The frontline management of diffuse large B-cell lymphoma (DLBCL) has long relied on rituximab, cyclophosphamide, doxorubicin, vincristine, and prednisone (R-CHOP) as the standard of care.
This approach “has been very rewarding because we know that most patients can be cured with R-CHOP,” said Laurie H. Sehn, MD, MPH, chair of the Lymphoma Tumour Group at the BC Cancer Centre for Lymphoid Cancer in Vancouver, Canada in a session presented at the 11th Annual Meeting of the Society of Hematologic Oncology (SOHO 2023).
However, there “clearly is a group of patients that remain refractory or resistant to R-CHOP, and we don’t have a good way of identifying those at the time of diagnosis [and] we know that as we add extra agents to R-CHOP, we’re also usually adding extra toxicity,” Dr. Sehn noted. “So, the question is, how do you balance out the need to improve outcomes while not making toxicity worse for the majority of patients that might do just as well with R-CHOP?”
In a background review, she discussed the 2 molecular subtypes of DLBCL: the activated B-cell-like (ABC) and germinal-center B-cell-like (GCB) subtypes. The ABC subtype has demonstrated worse outcomes following R-CHOP compared to the GCB subtype, with a 15%-20% difference in progression-free survival (PFS).
Read more about DLBCL experimental therapies
Beyond ABC and GCB, Dr. Sehn described “another subgroup that we’re going to be hearing more about and we need to pay attention to. This has been termed the ‘double hit signature subgroup’ or more recently the ‘dark zone signature’ subgroup.” These patients have the poorest outcomes of all patient groups.
Multiple randomized trials investigating the addition of a novel agent to R-CHOP for the treatment of DLBCL have failed to produce positive results, although lessons have been learned to inform future trials, Dr. Sehn said. For example, secondary analyses suggest that some of the more recently recognized subtypes may have been more sensitive to the study drug in certain trials, suggesting that perhaps “we weren’t necessarily targeting the best patients.”
The latest trial in this space is the “first trial that we’ve had that has been considered positive,” Dr.
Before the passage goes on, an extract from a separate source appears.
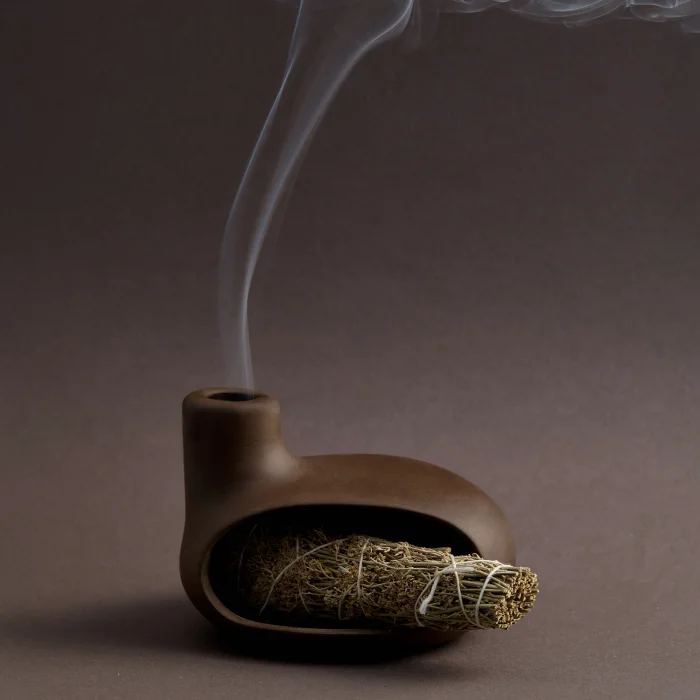Yel Studios imzalı el yapımı tütsülük, Almanya'nın prestijli bölgelerinden temin edilen yüksek kaliteli taş kili (stoneware) ve 1200℃'lik özel pişirim süreçleriyle, seramik kilinden çok daha yüksek dayanıklılık sunar. Geniş renk ve doku yelpazesi ile, iç ve dış mekan kullanımlarıyla uyumlu çeşitli alternatifler sunar.

Sehn said. The randomized, double-blind POLARIX trial explored the upfront addition of polatuzumab vedotin, an anti-CD79b drug conjugate, to rituximab, cyclophosphamide, doxorubicin, and prednisone (pola-R-CHP) compared to R-CHOP in patients with previously untreated DLBCL and an International Prognostic Index (IPI) of 2-5.
The results showed greater improvement in PFS with pola-R-CHP vs R-CHOP (hazard ratio [HR] 0.73; 95% CI, 0.57-0.95; P <.02), with comparable safety profiles in each group. Updated results from POLARIX showed that the PFS benefit associated with pola-R-CHP was maintained at 3 years (HR, 0.76; 95% CI, 0.60–0.97).
According to Dr. Sehn, remaining questions include: Is pola-R-CHP the new standard of care in frontline DLBCL? Should it be used in all patients? Should it be the comparator in all clinical trials?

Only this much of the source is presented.